From fairest creatures we desire increase,
that thereby beauty's rose might never die

or, more disquieting,

And every fair from fair sometime declines
By chance or nature's changing course untrimmed

Can one even talk about FAIRNESS in the context of big business, marketing, consumer awareness, and so on?


Shelley said...

I think a business has to demonstrate a certain amount of fairness in order to maintain a relationship with its customers. Banks over hear offer better (variable) interest rates to new accounts, not to account holders; presumably the new accounts will soon be switched to the lower rate. There was even an advert on the telly about using fish hooks to pull in new business. Presumably LL Bean knows what to expect when they offer either 15 or 30% off their merchandise (tells you something about their mark-up). If they wanted to limit the number of people given the offer, they could make the code less accessible I suppose, or create other criteria that had to be met. I didn't already have anything in mind that I planned to buy from them, so I'm not interested in even the 30%, as I'm not prepared to pay the 70%, even if I could order on this side of the pond. I think it's fair for you to post the code - you're advertising their sale for them!

Duchesse said...

Bean will analyze how widely that 30% code gets transmitted virally and who uses it- I suspect that's really what they want to know.

FWIW I, a regular but not frequent customer (buying for my sons) got NO offer of any kind.
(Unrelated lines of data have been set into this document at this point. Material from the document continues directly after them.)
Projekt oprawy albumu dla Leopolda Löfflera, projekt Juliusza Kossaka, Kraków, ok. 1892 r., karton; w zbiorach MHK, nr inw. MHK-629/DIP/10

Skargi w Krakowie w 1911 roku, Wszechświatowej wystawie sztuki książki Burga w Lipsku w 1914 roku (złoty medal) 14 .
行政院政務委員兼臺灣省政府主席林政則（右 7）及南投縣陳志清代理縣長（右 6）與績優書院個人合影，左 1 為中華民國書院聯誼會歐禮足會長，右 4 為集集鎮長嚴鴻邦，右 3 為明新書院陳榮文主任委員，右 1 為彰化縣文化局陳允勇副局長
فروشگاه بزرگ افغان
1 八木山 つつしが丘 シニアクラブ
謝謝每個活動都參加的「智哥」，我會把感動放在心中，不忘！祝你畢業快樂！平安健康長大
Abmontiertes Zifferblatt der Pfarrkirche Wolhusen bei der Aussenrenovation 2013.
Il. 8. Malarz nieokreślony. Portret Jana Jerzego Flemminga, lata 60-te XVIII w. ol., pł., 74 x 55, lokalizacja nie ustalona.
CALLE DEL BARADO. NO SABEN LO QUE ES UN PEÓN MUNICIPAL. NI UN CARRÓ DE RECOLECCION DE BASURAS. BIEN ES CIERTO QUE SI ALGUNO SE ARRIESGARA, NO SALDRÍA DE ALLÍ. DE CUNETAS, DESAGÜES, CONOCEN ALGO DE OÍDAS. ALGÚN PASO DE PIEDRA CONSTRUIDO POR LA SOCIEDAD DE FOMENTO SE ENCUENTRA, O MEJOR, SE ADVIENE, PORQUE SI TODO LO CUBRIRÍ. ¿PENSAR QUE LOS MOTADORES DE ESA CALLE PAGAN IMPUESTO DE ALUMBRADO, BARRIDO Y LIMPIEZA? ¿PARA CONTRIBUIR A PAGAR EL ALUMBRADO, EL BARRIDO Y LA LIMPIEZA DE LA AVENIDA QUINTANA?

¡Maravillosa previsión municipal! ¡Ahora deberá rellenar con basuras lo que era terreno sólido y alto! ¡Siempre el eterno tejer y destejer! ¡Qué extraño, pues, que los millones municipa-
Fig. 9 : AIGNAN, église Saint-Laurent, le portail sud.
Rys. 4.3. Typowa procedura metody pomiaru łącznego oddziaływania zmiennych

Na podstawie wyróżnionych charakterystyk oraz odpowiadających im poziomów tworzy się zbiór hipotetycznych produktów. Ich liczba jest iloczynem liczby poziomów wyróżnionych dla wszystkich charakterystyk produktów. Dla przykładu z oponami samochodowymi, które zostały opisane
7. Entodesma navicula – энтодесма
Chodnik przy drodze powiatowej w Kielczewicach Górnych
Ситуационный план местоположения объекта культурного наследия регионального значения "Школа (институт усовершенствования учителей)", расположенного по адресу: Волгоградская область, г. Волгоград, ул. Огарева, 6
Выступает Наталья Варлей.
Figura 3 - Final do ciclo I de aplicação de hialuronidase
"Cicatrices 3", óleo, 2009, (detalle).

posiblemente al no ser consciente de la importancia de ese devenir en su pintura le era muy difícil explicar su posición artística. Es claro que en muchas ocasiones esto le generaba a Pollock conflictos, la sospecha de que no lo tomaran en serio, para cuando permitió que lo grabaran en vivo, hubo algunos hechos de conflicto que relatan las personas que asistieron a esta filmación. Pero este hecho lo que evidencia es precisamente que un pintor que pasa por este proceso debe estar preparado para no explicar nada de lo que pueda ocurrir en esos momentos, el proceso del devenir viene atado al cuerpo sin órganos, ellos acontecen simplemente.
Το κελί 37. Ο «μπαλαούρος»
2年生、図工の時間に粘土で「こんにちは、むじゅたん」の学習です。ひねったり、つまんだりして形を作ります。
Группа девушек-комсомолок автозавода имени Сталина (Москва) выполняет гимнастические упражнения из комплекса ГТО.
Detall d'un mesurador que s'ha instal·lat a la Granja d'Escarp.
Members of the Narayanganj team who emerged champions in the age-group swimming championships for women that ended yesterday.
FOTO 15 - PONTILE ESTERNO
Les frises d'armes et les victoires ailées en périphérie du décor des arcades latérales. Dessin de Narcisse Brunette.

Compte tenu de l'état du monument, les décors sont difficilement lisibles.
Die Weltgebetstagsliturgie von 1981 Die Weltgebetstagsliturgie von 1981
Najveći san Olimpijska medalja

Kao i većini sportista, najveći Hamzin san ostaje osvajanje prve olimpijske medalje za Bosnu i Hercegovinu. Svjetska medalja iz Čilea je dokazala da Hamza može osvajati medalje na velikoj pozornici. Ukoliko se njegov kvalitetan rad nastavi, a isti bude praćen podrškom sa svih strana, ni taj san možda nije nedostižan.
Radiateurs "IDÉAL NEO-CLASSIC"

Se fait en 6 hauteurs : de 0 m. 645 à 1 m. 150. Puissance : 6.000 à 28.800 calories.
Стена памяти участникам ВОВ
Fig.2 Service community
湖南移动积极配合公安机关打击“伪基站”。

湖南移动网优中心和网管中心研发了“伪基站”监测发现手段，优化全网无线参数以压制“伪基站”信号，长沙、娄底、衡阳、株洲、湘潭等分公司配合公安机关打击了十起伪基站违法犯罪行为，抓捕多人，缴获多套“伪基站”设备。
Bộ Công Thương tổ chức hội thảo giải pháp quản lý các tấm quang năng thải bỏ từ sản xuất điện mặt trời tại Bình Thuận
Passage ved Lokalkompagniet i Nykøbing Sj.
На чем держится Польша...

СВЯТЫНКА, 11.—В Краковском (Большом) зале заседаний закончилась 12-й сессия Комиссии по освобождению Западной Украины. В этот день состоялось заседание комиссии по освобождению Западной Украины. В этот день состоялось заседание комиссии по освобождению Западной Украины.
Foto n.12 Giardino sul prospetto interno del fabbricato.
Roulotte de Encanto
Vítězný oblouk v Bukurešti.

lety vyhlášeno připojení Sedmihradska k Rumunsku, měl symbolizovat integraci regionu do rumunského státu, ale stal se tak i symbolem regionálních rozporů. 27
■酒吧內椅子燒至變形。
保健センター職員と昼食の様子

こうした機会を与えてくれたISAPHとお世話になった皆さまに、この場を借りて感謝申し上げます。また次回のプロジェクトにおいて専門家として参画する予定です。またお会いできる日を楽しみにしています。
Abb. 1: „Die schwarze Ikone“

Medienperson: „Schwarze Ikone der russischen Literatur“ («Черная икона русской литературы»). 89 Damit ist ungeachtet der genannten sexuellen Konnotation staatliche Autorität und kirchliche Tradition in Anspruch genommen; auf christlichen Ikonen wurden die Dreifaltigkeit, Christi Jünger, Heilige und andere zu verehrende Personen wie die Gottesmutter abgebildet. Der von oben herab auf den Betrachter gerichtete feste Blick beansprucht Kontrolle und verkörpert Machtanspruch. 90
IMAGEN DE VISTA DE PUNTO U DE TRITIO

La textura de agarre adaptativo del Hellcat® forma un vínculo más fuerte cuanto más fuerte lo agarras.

The sheepskin slippers are superb. The women's clothing is too conservative for me.

Funny about Money said...

Glad you're feeling better!

It would be amazing if companies didn't expect consumers would share those codes. Though really...they might expect some blowback when people realize the disparity and that customers who shop there frequently are rewarded with a smaller discount than people who probably aren't very interested in the retailer's products. IMHO turnabout is fair play.

Frugal Scholar said...

@Shelley--True--if they didn't want people to use it, they would make it so each offer had a unique code. Good point.

@Duchesse--I don't wear the clothes either (too preppy for me), but I did get my daughter some of the slippers in red. I think your comment about testing the market is very shrewd--I didn't think of that (of course!).

@Funny--Yeah-it makes me inclined to wait for another such offer before I buy anything again. But I am an odd and verrry cheeeeep consumer.

Funny about Money said...

@ frugalscholar: Yes, I'm much the same way.

A long time ago, I came to realize that many outfits in department stores and boutiques go on sale just a few weeks after they appear on the racks. Especially in places like Dillard's and J.Jill, I never buy clothes until they go on sale. It feels like such a rip-off when you jump at a cute outfit and then two weeks later see it marked down 30 percent!